Hoshruba: The Land and the Tilism

Hoshruba: The Land and the Tilism: Book 1, Episode 16

When Tilism-e Hoshruba was first published in Lucknow, India in 1883, it was already a beloved oral history that had been performed for years in public and private. What Hoshruba’s fans did not know, however, was that professional storyteller Mir Ahmed Ali and his disciples had engineered a massive literary hoax, writing Hoshruba themselves and falsely attributing it to the epic poem cycle The Adventures of Amir Hamza. But less important than Hoshruba’s provenance was its impact: The story of the tilism (an inanimate object transformed into its own world) of Hoshruba, defended by Emperor Afrasiyab against rival tilism as well as the trickster Amar Ayyar, has become one of the foremost fantasy tales in Urdu. For a more in-depth look at the epic’s sorcerers, formidable women, and grimdark (long before the genre existed) battles, read Mahvesh Murad’s Under the Radar review.

Hoshruba (which translates to “ravishing the senses”) is part of the dastan tradition of oral storytelling and is being translated into English for the first time as Hoshruba: The Land and the Tilism. In its original form, Hoshruba was published in Urdu, in eight volumes totaling over eight thousand pages. In translating the epic into English, Pakistani-Canadian writer Musharraf Ali Farooqi has split each volume into three, for a total of 24 volumes. Over the next few months, you will be able to read all 50 episodes—the entire first volume of Hoshruba—on Tor.com, with one new episode going up every day. You can also purchase the entire novel through Barnes & Noble or Amazon.

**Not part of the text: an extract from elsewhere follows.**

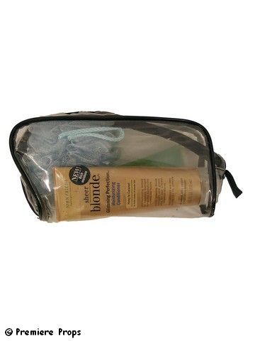 What is a horror film without a shower scene, especially if a beautiful girl in in it? Such is the case in 2006's "The Covenant". These are that beautiful girl in the shower, Sarah (Laura Ramsey, "The Ruins" 2008). These are the hero screen used shower accessories: Clear Vinyl Toiletry Bag (9” x 6” / black trim / zipper top), Light Blue Scrubber (4.5” diameter / plastic netting with rope tie), Shampoo and Conditioner Bottles (8” tall and 7” tall / "Sheer Blonde" in gold color bottle / generic green shampoo with label removed / squeeze bottles), White Hand Towel (20" x 35" / terry cloth). COA included.

[The warriors of the battleground of rhetoric…]

Of Afrasiyab Sending Three Sorcerers with an Army of Sixty Thousand Against Mahrukh and Amar Ayyar; Of the Tricksters Going into Action Against Sorcerers; And of the Fierce Battle Between the Two Camps

The warriors of the battleground of rhetoric, valiant lords of the expanse of speech, the bearers of victorious standards of the chroniclers’ armies, and the ensign-bearers of the narrators’ triumphant forces, thus spur the fleet-footed steed of tongue in the arena of speech, and in this manner show the eloquent essence of their discourse in the domain of narrative.

When Afrasiyab and Heyrat realized that the beautiful heart of Mahrukh Magic-Eye of excellent speech, which once shone like the sun, was now clouded and misted with grief and vexation, they were left with no recourse but to declare war against her.

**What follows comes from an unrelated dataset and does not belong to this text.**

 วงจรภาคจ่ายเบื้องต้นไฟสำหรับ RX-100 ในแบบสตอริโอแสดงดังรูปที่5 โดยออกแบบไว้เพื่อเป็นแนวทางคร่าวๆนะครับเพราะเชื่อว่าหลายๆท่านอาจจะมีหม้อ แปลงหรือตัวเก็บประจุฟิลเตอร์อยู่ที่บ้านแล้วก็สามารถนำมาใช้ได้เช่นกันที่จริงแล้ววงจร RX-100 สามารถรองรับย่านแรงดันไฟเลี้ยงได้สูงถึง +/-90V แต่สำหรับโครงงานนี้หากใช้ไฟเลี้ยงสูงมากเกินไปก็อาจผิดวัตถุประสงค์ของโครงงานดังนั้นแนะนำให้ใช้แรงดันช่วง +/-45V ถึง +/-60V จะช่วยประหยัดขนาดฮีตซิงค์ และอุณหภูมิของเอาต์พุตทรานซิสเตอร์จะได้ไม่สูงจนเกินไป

Sorcerers Jamosh, Shahbaz, and Kohan

Empress Heyrat decided to march against Mahrukh Magic-Eye herself but Afrasiyab intervened and said, “As long as a single slave remains, it is beneath the dignity of the empress and the wife of the Master of the Tilism to march against a worthless subject.”

Afrasiyab recited a spell and struck his hands together. Suddenly, clouds rose from every direction and covered the sky. Thousands of golden, colorful lightning bolts flashed. The clouds showered sparks and rained stones. Then the canopy of clouds parted and revealed three hideous, ungainly and evil sorcerers named Jamosh, Shahbaz and Kohan sitting upon three thrones, which descended from the sky.

They curtsied before Afrasiyab, kissed the leg of his throne and asked, “Why has the emperor summoned his slaves?” Afrasiyab informed them of Prince Asad and the feud with Mahrukh Magic-Eye and said, “You should march together against the rebels with a force of sixty thousand sorcerers and bring them to me as prisoners.”

The sorcerers departed for their camps and summoned their commanders. They informed them of Afrasiyab’s orders and the drums of departure were beaten and tents and pavilions loaded onto magic dragons. Sorcerers mounted magic beasts and flew away displaying magic works. They crossed the River of Flowing Blood and arrived near Mahrukh Magic-Eye’s camp.

Queen Mahjabeen Diamond-Robe and Prince Asad were holding court when they heard a thunderous noise outdoors. Mahrukh Magic-Eye said to Amar Ayyar, “The enemy forces are approaching.”

The moment the tricksters heard these words, they left the court and scurried into the wilderness.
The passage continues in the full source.